I met Jane when she bounced cheerily into my office in Oxford in the summer of 1977. She had been accepted by my colleague and boss, Niko Tinbergen’s successor, the idiosyncratically brilliant David McFarland, to do a post-doc. As things turned out, her arrival was delayed a year, by which time David had gone on sabbatical leave, so Jane, by default, worked with me, his depu
ty. I came to think it a most fortunate happenstance for me, and I like to think that Jane, too, did not regret it.
Jane’s PhD at the University of Wisconsin was on the great golden digger wasp, Sphex ichneumoneus. She came to Oxford bearing large quantities of meticulously systematic observations of the behaviour of individually marked female wasps in two different field sites, in New Hampshire and Michigan, and it was on these measurements – originally made for a quite different purpose, more related to David McFarland’s field than to mine – that we ended up working together.

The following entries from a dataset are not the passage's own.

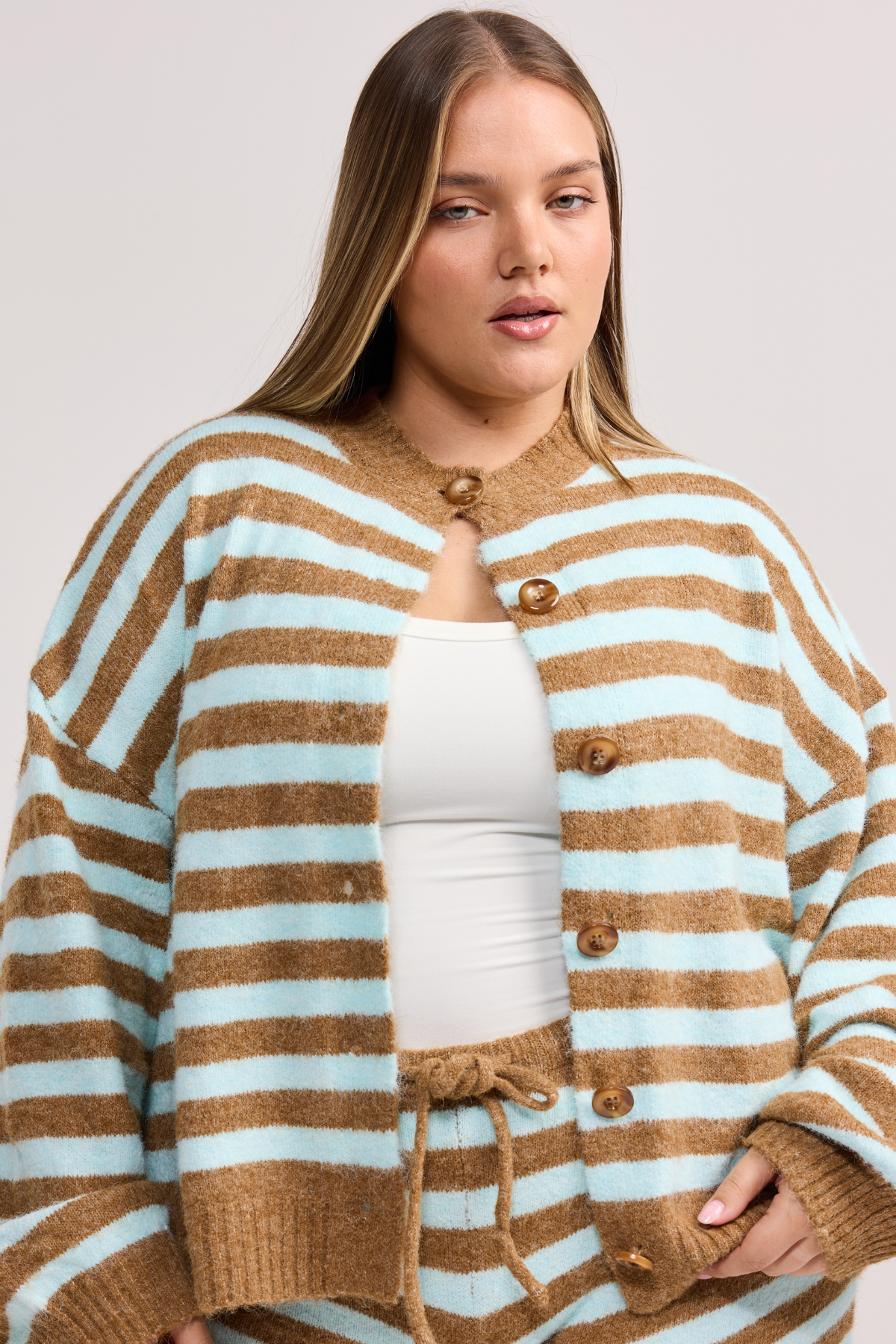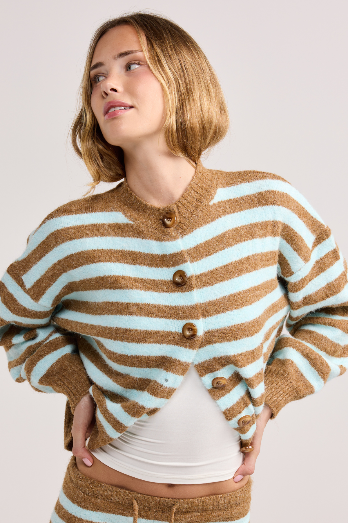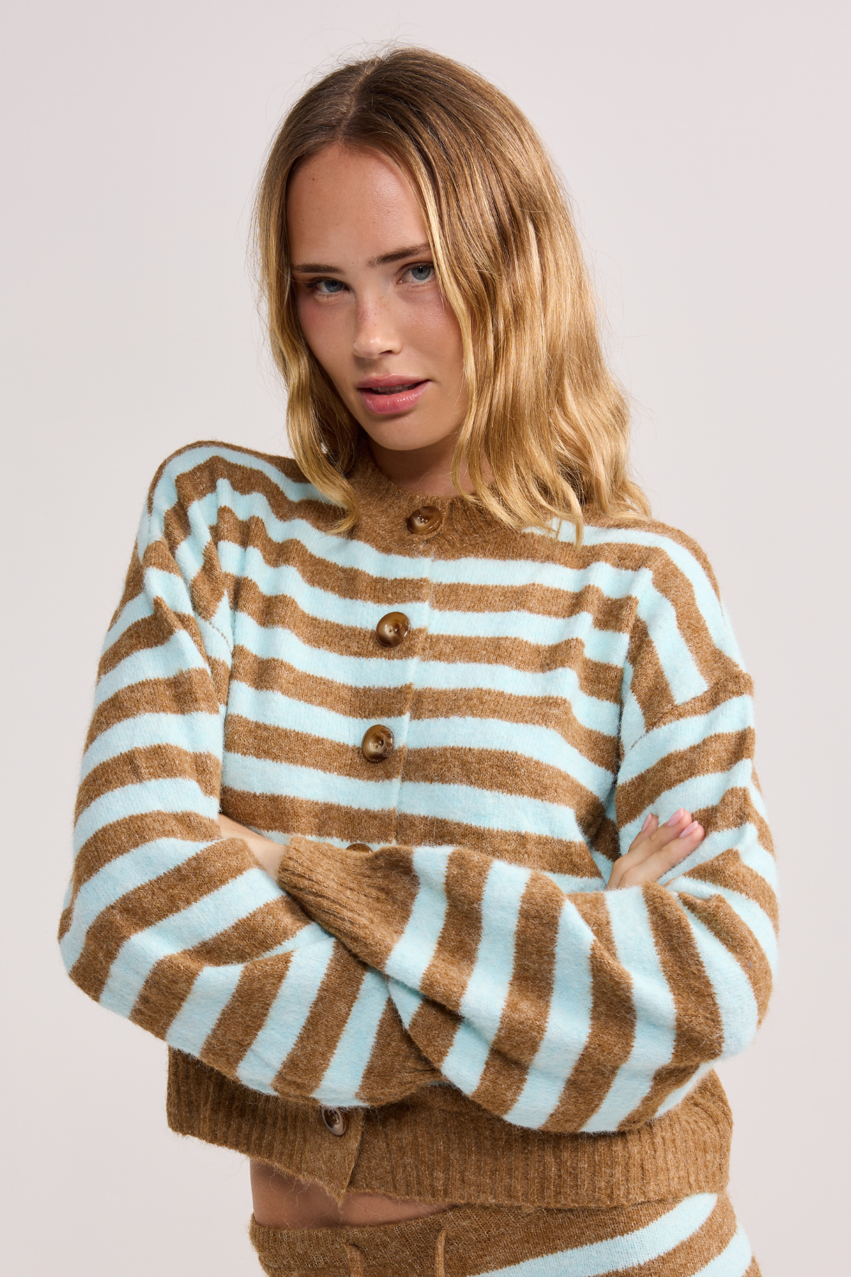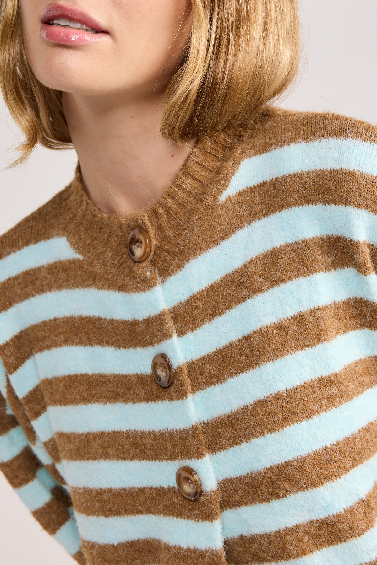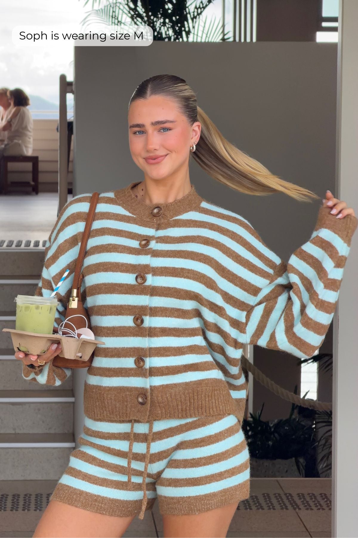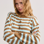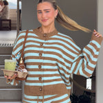 The Romi Button Up Knit features a bold Blue and Brown stripe, ribbed cuffs, waistband and neckline with 6 tortoiseshell buttons down the front.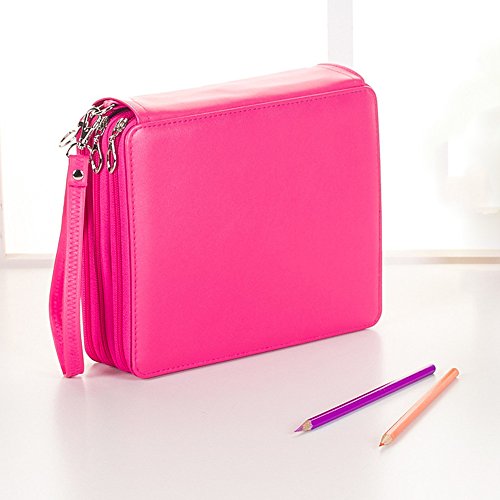 Homeself 120 Slots Large PU Pencil Case Pen Bag for Coloured Pencil Pens School Stationery Pencil Organizer Drawing Painting Storage (Rose Red)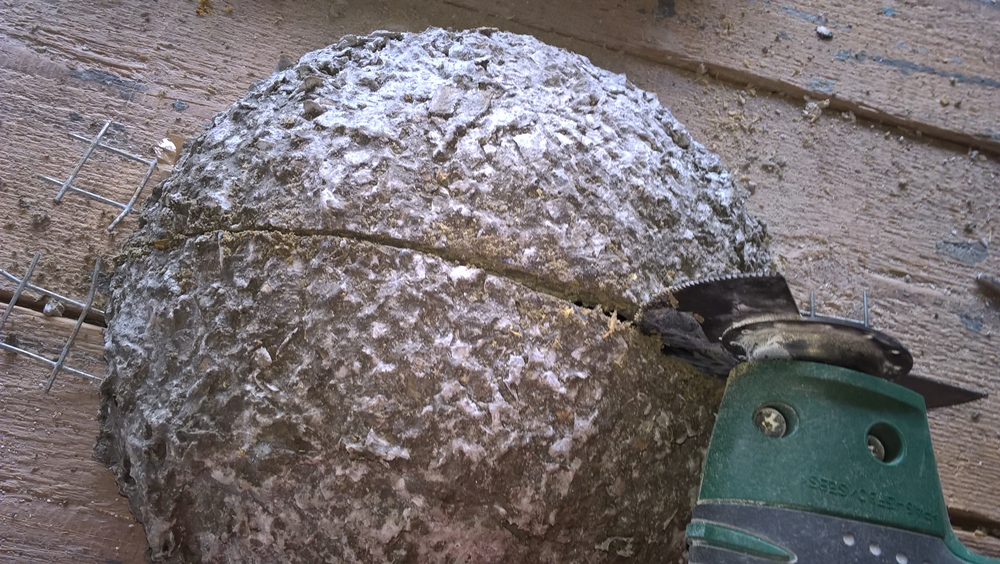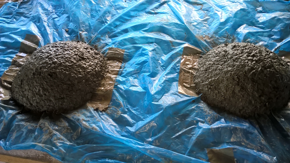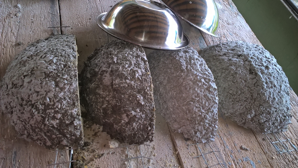 Nagyjáról egy hét alatt száradt meg a massza, jó kemény lett, ekkor leemeltem a tálkákról és félbevágtam mindkettőt.

Not all wasps are social, like the familiar striped vespids known to Americans as yellowjackets, and to all of us as jam-loving spoilers of teatime in the garden. Many wasp species are solitary, and Sphex is among them. Female digger wasps, once mated, do all the work on their own, with no workers to help. Males disappear after mating, leaving the females holding the babies. Well, not literally holding. The typical cycle is as follows. The female digs a burrow about six inches deep, slightly angled from the vertical and terminating in a short side tunnel leading to a widened chamber. She then sallies forth in search of prey, which for this species of digger wasp consists of katydids (elegant, usually green, long-horned grasshoppers). She catches a katydid, stings it to paralyse but not kill it, flies home with it, then drags it down the burrow into the chamber. She repeats this several times until she’s amassed a tidy pile of up to half a dozen katydids in the burrow, then lays an egg on top of the pile. She sometimes then excavates another side chamber elsewhere in the same burrow and repeats the process with fresh katydids. Finally she seals up the burrow, and proceeds to do the same with a new burrow. Some digger wasp species pick up a small stone in their jaws and use it as a hammer to tamp down the soil – a feat which has been dramatically hailed as tool use, once thought a human monopoly. When an egg hatches inside its secure, dark chamber, the larva feeds on the paralysed katydids, fattens on their nourishment, and eventually pupates and emerges as an adult wasp of the next generation, male or female.